# BluDomain site C&C please



## Parago (May 26, 2009)

Soo.. we just made the switch to bluDomain.com and I was wondering if I could gather some opinions 

Thanks a lot

www.paragophotography.com


----------



## Photo Princess (Jul 16, 2009)

I used Bluedomain, an I had some aweful experience with them. At first, I waited for over two weeks for my template to be delivered. I emailed the support several times, but without any reply. Finally, when I got my template with a bunch of apologies, I realized that it was broken. I emailed the support again but no reply followed. I was dissapointed with their service and quality. I'm using Readyphotosite for my photo website and SmugMug for posting photo galleries now, and have been quite satisfied.
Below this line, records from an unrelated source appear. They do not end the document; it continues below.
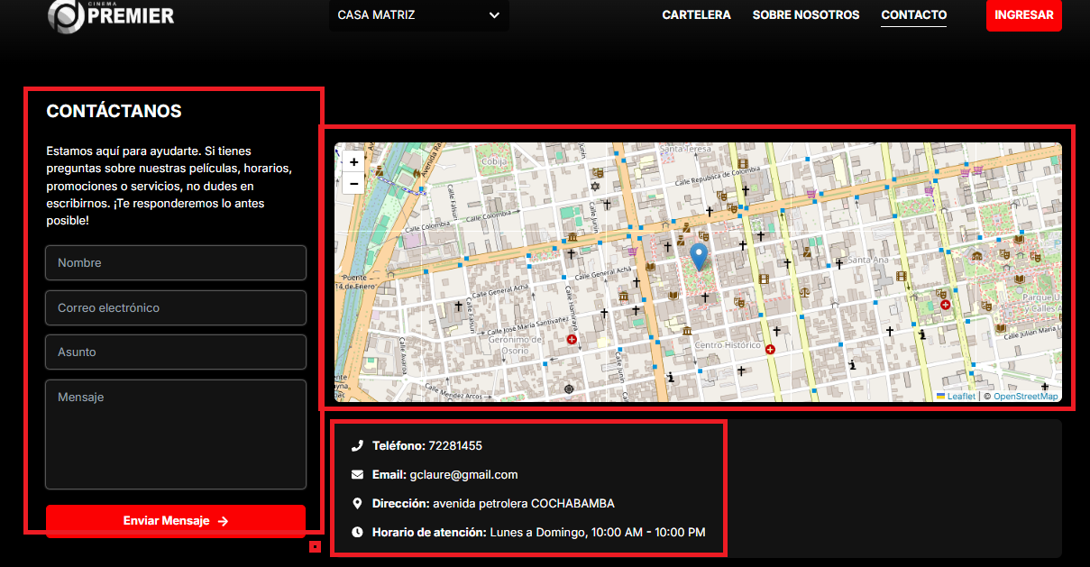 Para enviar un mensaje al cine mediante el formulario de contacto:
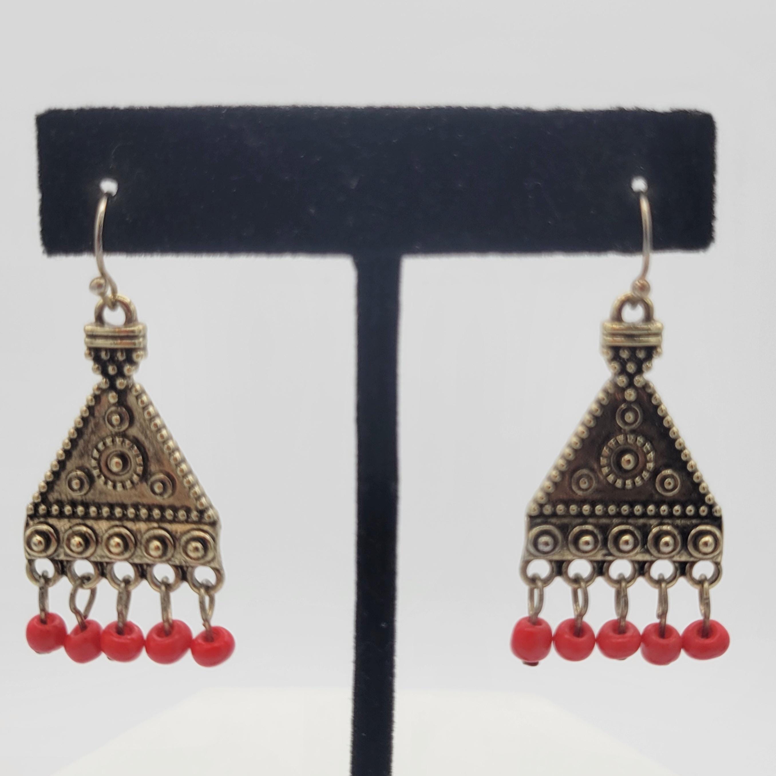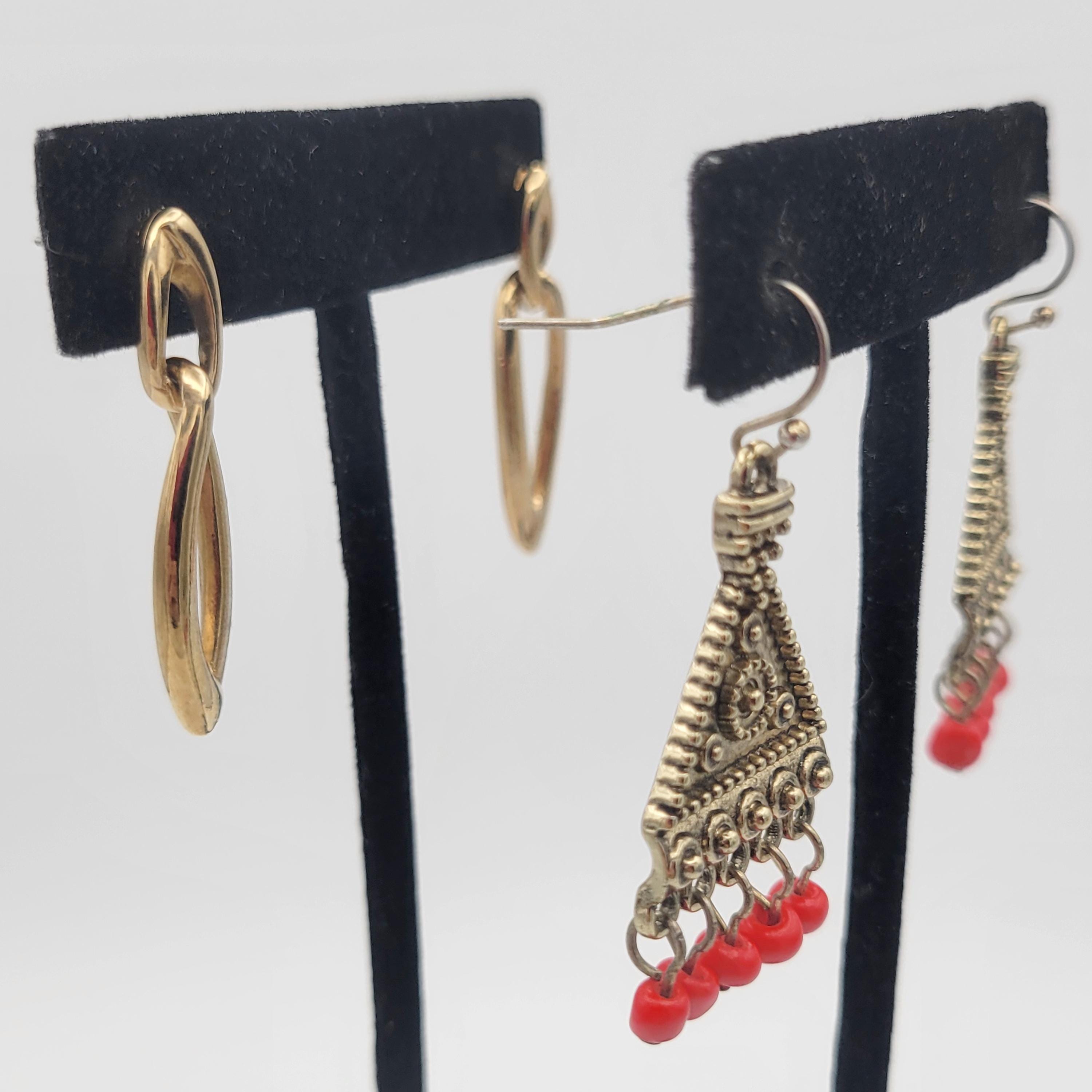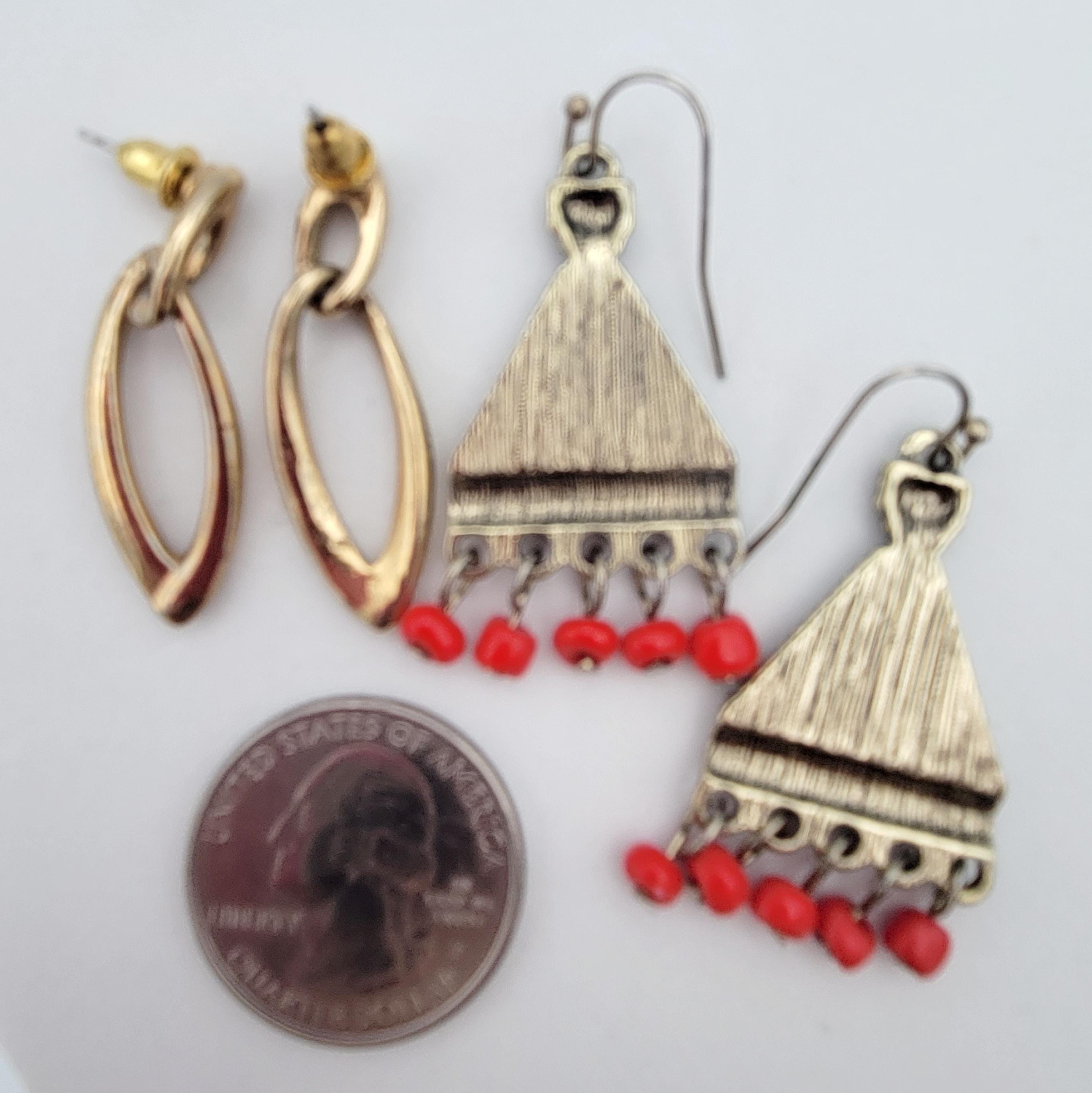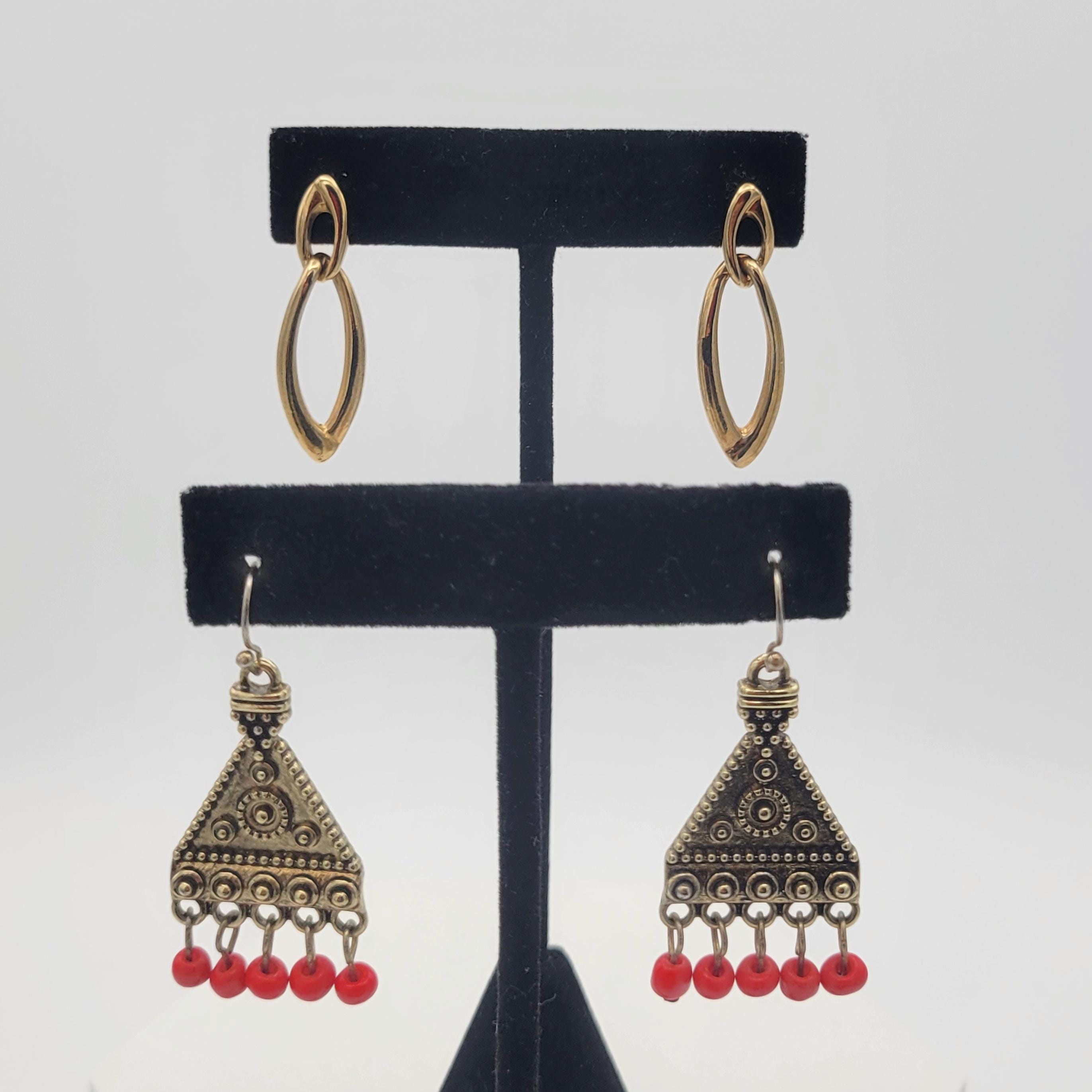 These earrings will make great accent pieces for your wardrobe. Both pairs of earrings are made from gold-tone metal. The Southwestern-style earrings have a triangular shape & red beaded dangles at the bottom. The shining openwork linked earrings have a mirrored finish & are very versatile. These earrings are in excellent vintage condition with very little wear.
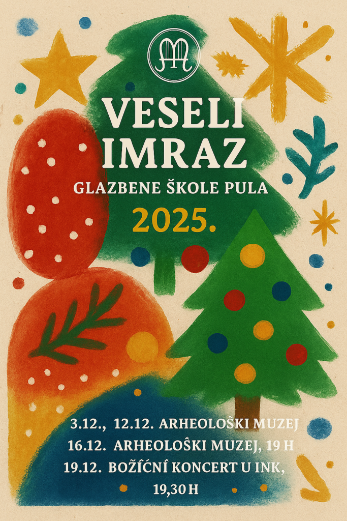 Sa zadovoljstvom najavljujemo blagdanske koncerte koji će svojom glazbom obogatiti prosinačko razdoblje . Ovim putem zahvaljujemo našim suradnicima i ravnateljima na ustupanju dvorana za koncertna izvođenja. Svaki nastup predstavlja važan korak u umjetničkom razvoju mladih glazbenika, stoga vas pozivamo da svojim dolaskom podržite naše učenike, koji predano rade na svom glazbenom putu, kao i njihove nastavnike.
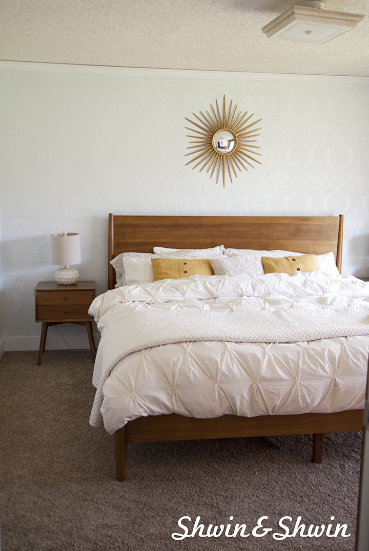 This whole room is fantastic, I love it! I love the MCM feel too, but my husband would love to distress everything (are we totally backwards or what?) so we meet in the middle somewhere totally undefined and lost. I am pretty sure that bedding would have jumped in my hands too- I absolutely love LOVE white bedding!! Also, that wallpaper turned out great! It really adds a lot to the room but isn&#
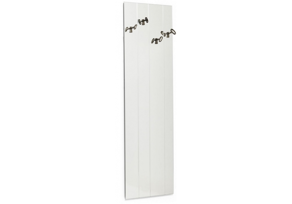 Memorie diseñado por Luca Somaini para Mogg es un espejo de pared con 4 llaves perchero en latón fundido con acabado en níquel negro brillante.
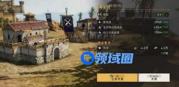 士兵是开疆扩土的核心基础,兵营的提升能加快士兵的训练数量、训练速度。配合时代,兵营在达到5、10、15三个等级时,还会产生质变。
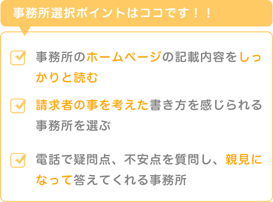 言わずもがな、親見になってくれる事務所をおすすめいたします。
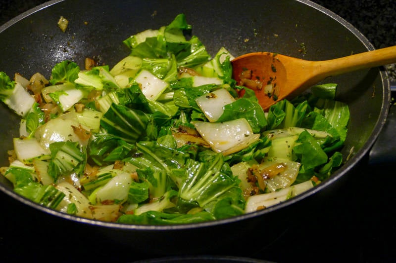 Paksoy allemaal in de pan kruiden erover en op het laatst de ketjap en nog even mee laten bakken
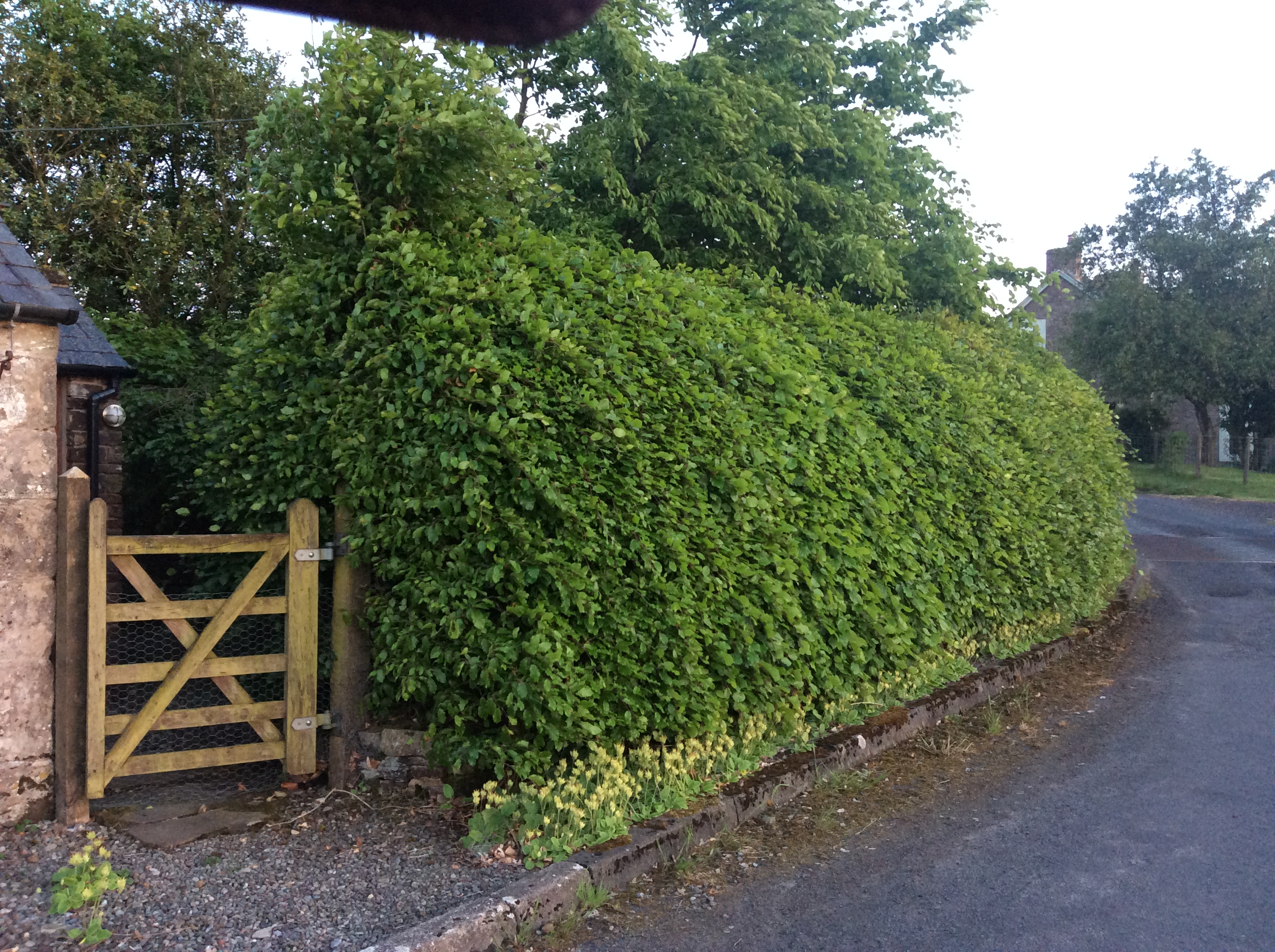Trees are natural and mainly deciduous such as alder, ash, beech, bird cherry, oak and rowan. Hedgerow blossoms with may flower, blackthorn, crab apple and holly.
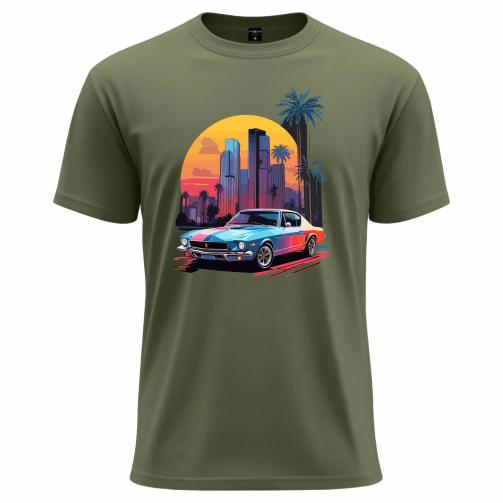 Sunset graphic t-shirt with a colorful retro car and sunset city design, offering comfort, durability, and bold streetwear style.
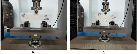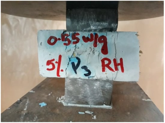 For the flexural and compressive strength tests, 160 mm × 40 mm × 40 mm prisms were prepared as shown in Figure 5 by following EN 13279-2:2014 []. Three prisms were prepared for each mix. After demolding, the samples were stored for seven days under 23 ± 2 °C temperature and relative humidity of 50 ± 5%. Then, the prisms were placed in an oven at 40 °C for 24 h and after that placed in air for cooling to room temperature. Three-point load tests were performed on these prisms for measuring flexure strength as per the procedure described in EN 13279-2:2014 [] by using a TIRAtest 2810 universal testing machine with a load capacity of 10 kN (see Figure 6a). The test was conducted at a loading rate of 10 N/min. The pins used at supports had a 10 mm diameter as per standard to avoid local stressing of load at supports. The pins were placed at 100 mm center to center distance with the help of a graduated platform for supporting pins at exact locations. The data of the flexure test generated load-deflection curves for each test specimen. The corresponding flexure strength was calculated using Equation (2).
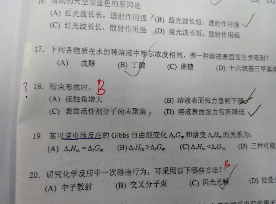 第一张图片里的105题,解题方法应该是利用阿仑尼乌斯方程,把乘除的关系化成指数位置的加减关系,但是括号里面的分母位置有个2,不知道应该怎么处理? 第二张图片里的第6题,没有一点思路… 第三张图片里的18题,答案给的是B,感觉好像给错了,表面张力不应该急剧下降吧? 发自小木虫Android客户端 |
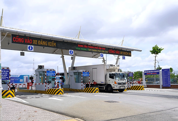Các phương tiện vận chuyển hàng hóa đi vào thành phố thực hiện thủ tục nhanh chóng, khoảng 5 phút/lượt xe
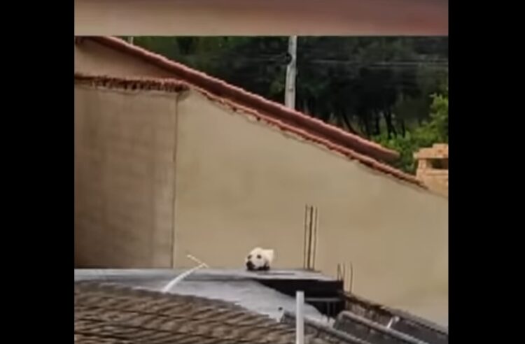 U TikTok video-snimku postavljenom na Redditu, vidi se nešto što izgleda kao beli pas sa tamnim nosem i tamnim ustima koji naslanja glavu na ivicu krova.
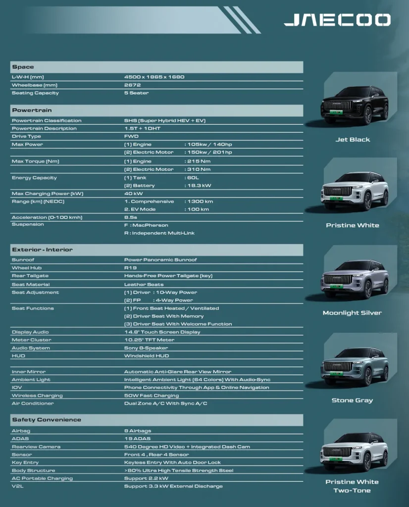 Offering class-leading automotive technology with a design-led, luxury focus, JAECOO combines heritage with technology to embody the ethos of “From Classic, Beyond Classic.”
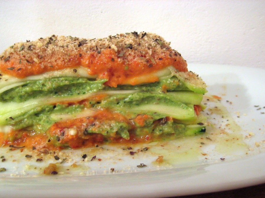 MONTAREMOS NUESTRA LASAÑA PONIENDO CAPAS ALTERNAS DE CALABACIN (NUESTRA PASTA DE LASAÑA) QUESO, PESTO Y CHAMPIÑONES. PARA DECORAR PODEMOS UTILIZAR ALBAHACA FINAMENTE

Good luck with your website!


----------



## Andrew Sun (Jul 16, 2009)

Site looks quite nice, navigation is easier and wasn't too slow for flash standards.

However, I generally don't like flash websites, slower loading times than normal and super bad for SEO. If you are not worried about getting visitors to your site then by all means use flash. 

Also, this is the worst for me - auto playing music, I recommend either taking the music function off altogether or let people press play if they want to listen to it.


----------



## Sachphotography (Jul 17, 2009)

And yet another flash site with sappy music.....Will it ever end?
 j/k


----------